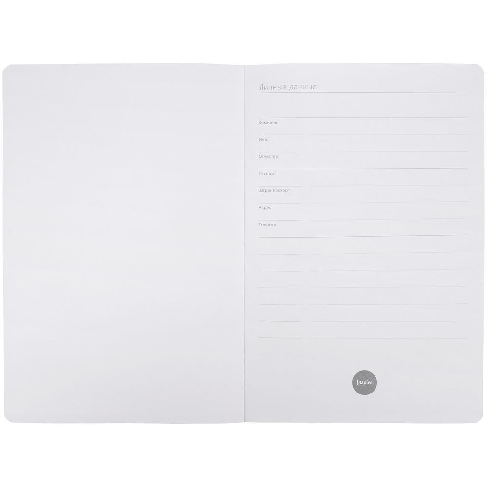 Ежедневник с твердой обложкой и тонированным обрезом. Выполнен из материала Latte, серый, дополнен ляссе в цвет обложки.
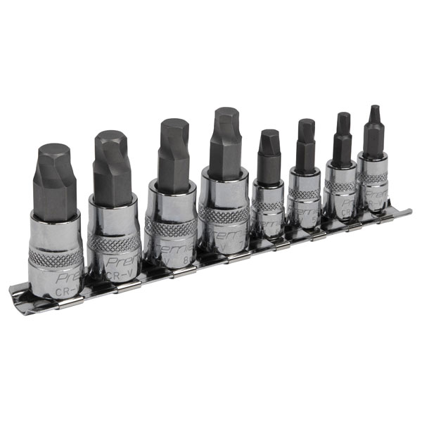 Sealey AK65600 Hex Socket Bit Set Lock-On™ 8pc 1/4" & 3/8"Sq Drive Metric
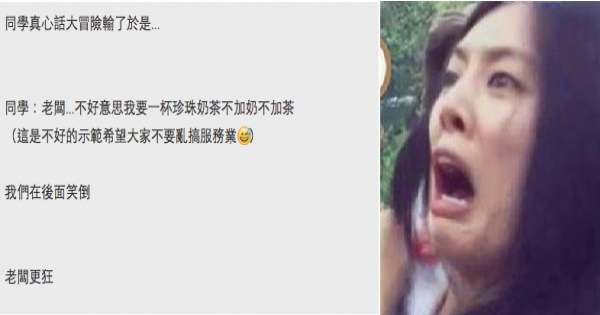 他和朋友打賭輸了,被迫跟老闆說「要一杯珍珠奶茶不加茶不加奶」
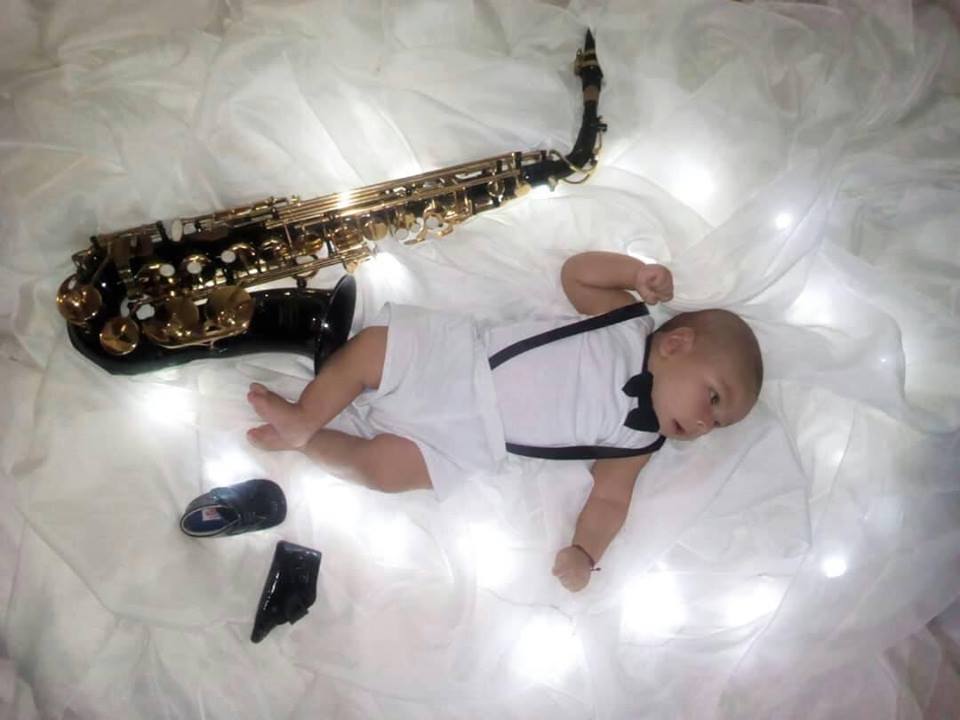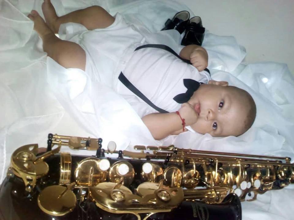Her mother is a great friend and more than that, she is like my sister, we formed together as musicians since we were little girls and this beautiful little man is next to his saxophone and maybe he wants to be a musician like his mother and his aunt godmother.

####

From the first line of the material down to the line containing "他和朋友打賭輸了,被迫跟老闆說「要一杯珍珠奶茶不加茶不加奶」", inclusive, return each line exactly, skipping any picture.

 Ежедневник с твердой обложкой и тонированным обрезом. Выполнен из материала Latte, серый, дополнен ляссе в цвет обложки.
 Sealey AK65600 Hex Socket Bit Set Lock-On™ 8pc 1/4" & 3/8"Sq Drive Metric
 他和朋友打賭輸了,被迫跟老闆說「要一杯珍珠奶茶不加茶不加奶」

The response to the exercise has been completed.